Apple Group Ltd. v. Medina Cty. Bd. of Revision (Slip Opinion)

2014 Ohio 2381, 12 N.E.3d 1188, 139 Ohio St. 3d 434
CourtOhio Supreme Court
DecidedJune 10, 2014
Docket2013-0149
StatusPublished
Cited by10 cases

This text of 2014 Ohio 2381 (Apple Group Ltd. v. Medina Cty. Bd. of Revision (Slip Opinion)) is published on Counsel Stack Legal Research, covering Ohio Supreme Court primary law. Counsel Stack provides free access to over 12 million legal documents including statutes, case law, regulations, and constitutions.

Bluebook
Apple Group Ltd. v. Medina Cty. Bd. of Revision (Slip Opinion), 2014 Ohio 2381, 12 N.E.3d 1188, 139 Ohio St. 3d 434 (Ohio 2014).

Opinions

Per Curiam.

{¶ 1} This real-property-valuation case concerns the proper valuation of unbuilt lots in a residential subdivision for tax year 2008. The Board of Tax Appeals (“BTA”) rejected the comparable-sales appraisal submitted by the taxpayer, Apple Group Ltd., and because it concluded that the taxpayer had failed to discharge its burden of showing a different value, the BTA reverted to the county’s valuation of the parcels. Contrary to the BTA’s analysis, we conclude that Apple Group presented evidence that negated the auditor’s determination of value and that triggered the BTA’s duty to perform an independent valuation of the property for tax year 2008. The BTA then had the duty to determine whether to carry a new valuation for 2008 forward to tax year 2009. As for tax year 2010, the BTA properly decided that that tax year lay beyond the scope of inquiry in this case. We therefore affirm in part, reverse in part, and remand for further proceedings.

Facts

{¶ 2} At issue are 13 residential lots improved for building (road access, city water, natural gas, electric, and telephone service available to each lot), but without any houses built on them as of the lien dates at issue. The lots are part of a subdivision called Trophy Club in Medina County that includes lots not at issue.

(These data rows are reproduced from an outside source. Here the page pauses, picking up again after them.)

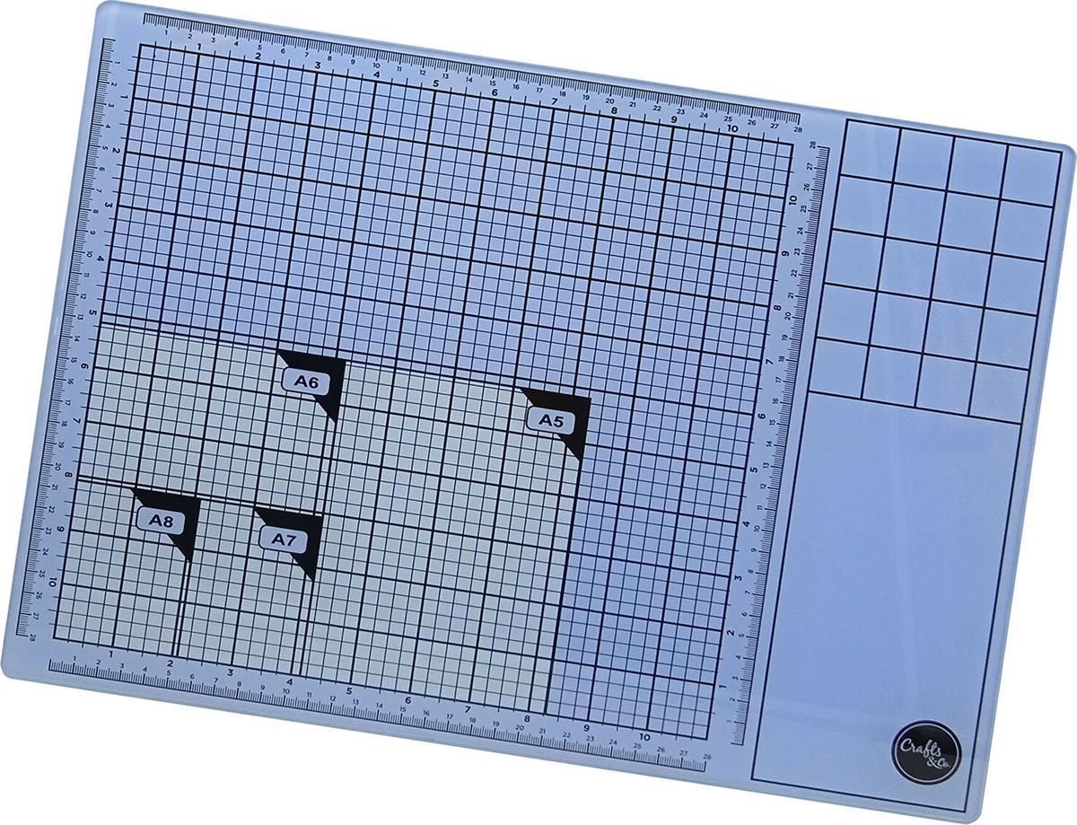 Szklana podkładka robocza z liniami pomiarowymi i siatkami, na których rysowane są różne formaty w cm lub calach (1 cal = 2,54 cm). Wysokiej jakości materiał szklany, bezpieczne zaokrąglone rogi. Idealna do cięcia nożem, skalpelem itp. Mata szklana nie przecina się i może być używana jako podkładka do pisania lub stemplowania.- Unikalne akcesorium na biurko - Najwyższa odporność na smugi i zadrapania - Płaska powierzchnia umożliwia płynne pisanie, cięcie, klejenie, stemplowanie i wiele więcej - Antypoślizgowy spód - Rozmiar: 42x32 cm, grubość 0,5 cm - Nieodpowiednie dla dzieci poniżej 3 roku życia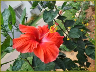 Hibiscus rosa-sinensis is a bushy, evergreen shrub or small tree growing 2.5–5 m (8–16 ft) tall and 1.5–3 m (5–10 ft) wide, with glossy leaves and solitary, brilliant red flowers in summer and autumn. The 5-petaled flowers are 10 cm (4 in) in diameter, with prominent orange-tipped red anthers.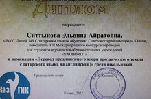 Ел саен Казан дәүләт мәдәният институтында VII Халыкара тәрҗемәчеләр конкурсы «Naoborot» уздырыла. Быел конкурс 7 нче тапкыр үткәрелде. Безнең лицей данын 11 нче сыйныф укучысы Ситтыкова Эльвина яклады. “Жюри тәкъдим иткән проза текстын татар теленнән инглиз теленә тәрҗемә” номинациясендә ул мәктәп укучылары арасында җиңү яулады. Эльвинаны һәм аның остазы Миләүшә Вагыйз кызы Шәңгәрәеваны җиңү белән котлыйбыз!

{¶ 3} In Medina County, 2007 was a reappraisal year, but on the lien date for tax year 2007 (January 1, 2007), the lots at issue were part of a larger tract. According to the property record cards, that larger tract was subdivided into the current lots in June 2007. That created the need for the auditor to assign individual values to the 13 individual lots for the first time in the 2008 tax year. Based on comparable sales from the Trophy Club subdivision, the auditor set the value of each lot at $105,000. (Because the lots were unbuilt, there was of course no building value to assign.)

1. The BOR retained the auditor’s valuation

{¶ 4} Apple Group filed a single complaint on March 31, 2009, challenging the valuation and proposing a reduced value of $65,000 for each of the 13 lots. As justification for the reduction, Apple cited “[mjarket data,” “[djecline in values,” and “[o]ther factors to be presented at the BOR hearing.” At the BOR hearing, Apple’s witness, Sandy Simich, testified that the Trophy Club development involved three phases, of which the first two phases included the more desirable [436]*436wooded lots, while the properties at issue were less desirable grassland parcels constituting phase three. Also at the BOR hearing, the auditor’s witness, Chris Szelag, presented the comparables that the auditor had relied on in determining the $105,000 valuation for the lots. Those comparables were primarily 2005 and 2006 sales that had occurred when the market was stronger.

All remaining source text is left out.